Lucien shut his eyes briefly and pinched the bridge of his nose in irritation at his brother’s dim-wittedness with the opposite sex. Could he have made it any more obvious that he only wanted a highborn broodmare? No pretty compliments, no requests for a dance. It was a wonder women bothered with the great brute at all.
Even Caro looked uneasy with his choice of subjects, as though to admit that she had borne a child was to admit she was beyond the first blush of her youth. She glossed over her reply, not bothering to mention the boy’s illness, then quickly steered the conversation to other matters. Watching them, Lucien could tell that it cost his brother an intense effort to pay attention to Caro’s empty prattle.
“What a monstrous dull Little Season, don’t you think? All the
best
society has gone home to the country for the hunt, or to
Bored in seconds, Lucien suddenly slipped his hand around Caro’s waist and yanked her to him. “What do you think of this pretty wench, eh, Demon?”
She fell against his chest with a coy squeal. “Lucien!”
“Does she not tempt you? I find she tempts me quite to the breaking point,” he murmured meaningfully, tracing the curve of her side with a slow, wicked caress.
Damien looked at him in shock.
What the hell are you doing?
his scowl demanded, but perhaps he sensed the note of deviltry in his twin’s smooth voice, for he delayed judgment for a moment, regarding Lucien warily. He knew better than anyone that with Lucien, things were never as they seemed.
“Doesn’t she look ravishing this evening? You should tell her so.”
Damien glanced at Caro, then at him. “Indeed.” The single, ominous word rumbled like far-off thunder from the depths of his chest.
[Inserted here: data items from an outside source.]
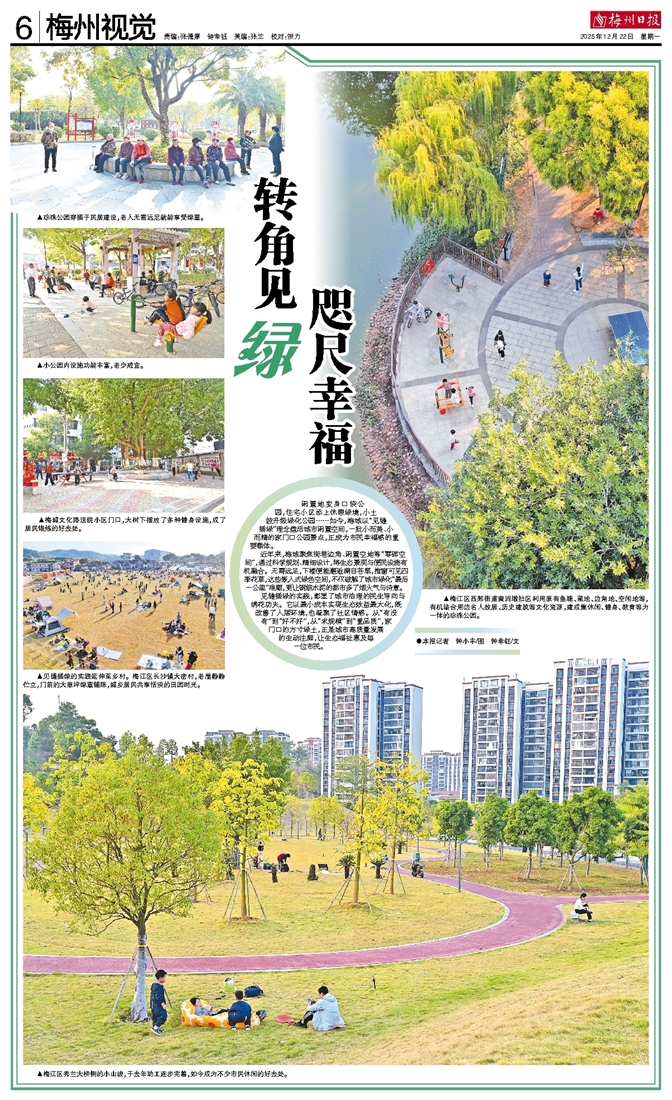 闲置地变身口袋公园,住宅小区添上休憩绿境,小土坡升级绿化公园……如今,梅城以“见缝插绿”理念盘活城市闲置空间,一批小而美、小而精的家门口公园景点,正成为市民幸福感的重要载体。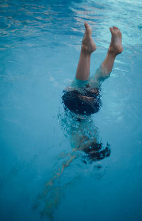 A child dives into the water, feet look out of the water.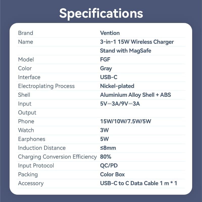 Đế Sạc Đứng Không Dây 3-in-1 15W VENTION FGF (with MagSafe)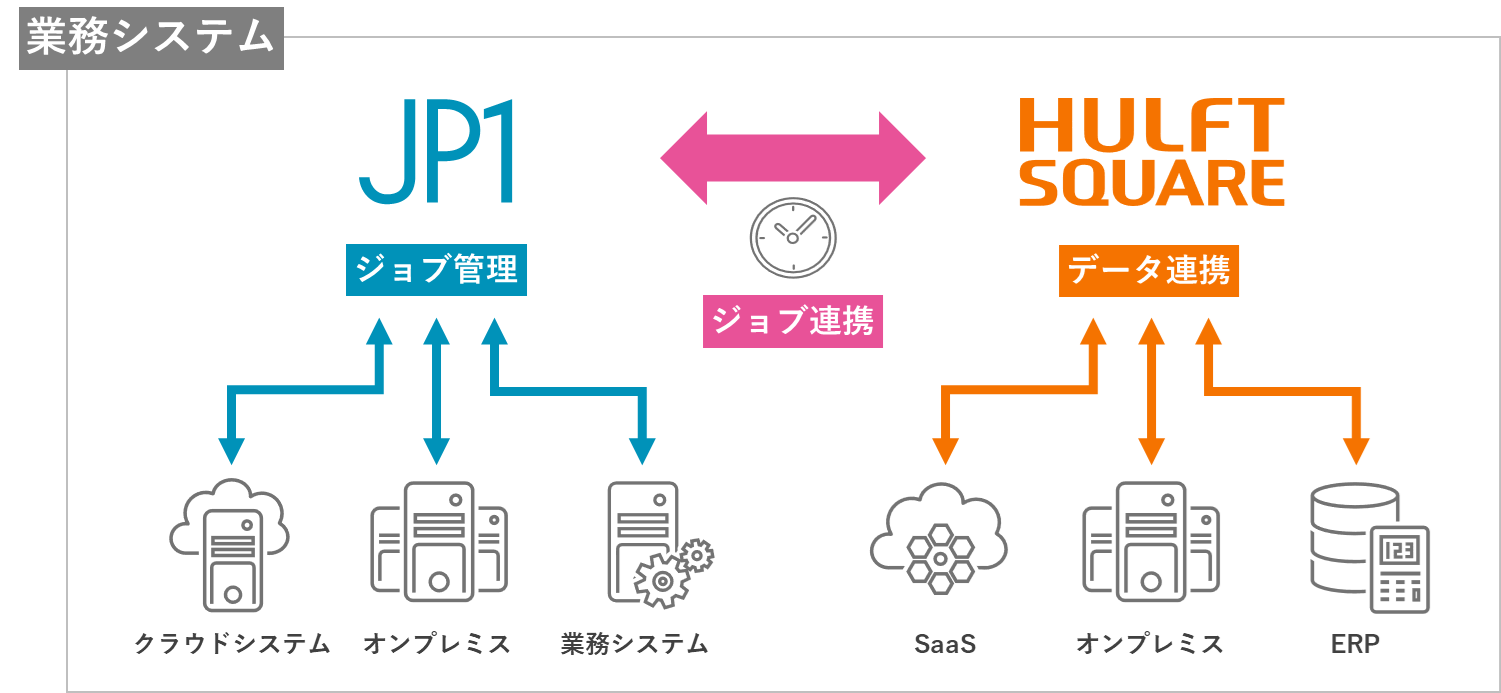 これにより、「JP1」シリーズである「JP1/Automatic Job Management System 3」および「JP1 Cloud Service/Job Management」のジョブ管理に「HULFT Square」のデータ連携機能を一体化することができ、企業の業務処理全体を統合的に制御し一括管理が可能となります。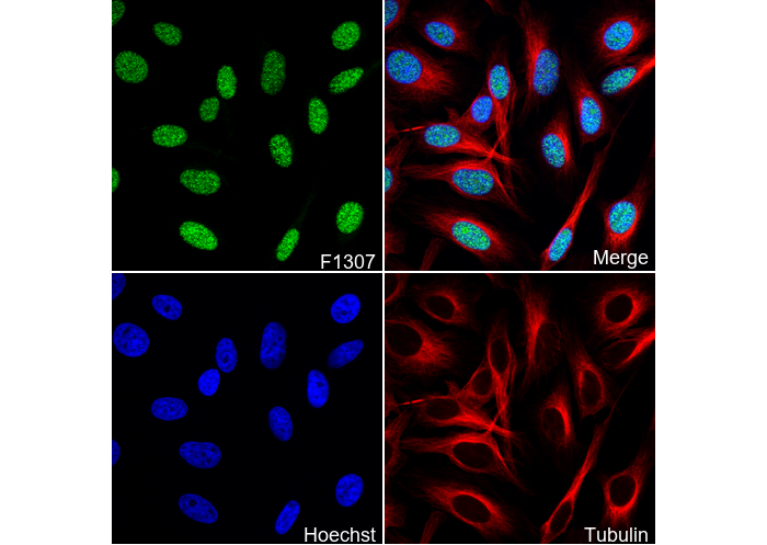 • Immunofluorescent analysis of Hela cells using F1307 (green, 1:50), Hoechst (blue) and tubulin (Red).

He studied the woman, as though trying to penetrate her nervous, sugary smile, for he had not been born with Lucien’s gift of seeing past pretense in a glance.
“Let go of me, Lucien. People are staring,” Caro murmured uneasily, brushing her shoulder against his chest as she tried to squirm free.
“What’s wrong,
mon ange
? You only want my touch in secret?” he asked, his tone silky-smooth, though his grip on her body tightened ruthlessly.
She froze and stared at him in shock, her brown eyes looking even darker as her face turned white.
“Time to confess, love. You’ve been trying to manipulate me and my brother, but it’s not going to work. Tell Damien where you were last night.”
“I don’t know what you are talking about,” she forced out.
With a look that could have turned her to a pillar of ice, Damien cursed under his breath and turned away. Lucien laughed softly and allowed Caro to shove free of his embrace.
“Damien, don’t listen to him—you know he is a liar!”
“You would bat your lashes at me after you’ve lain with my brother?” he whispered fiercely shoving off her clutching hands.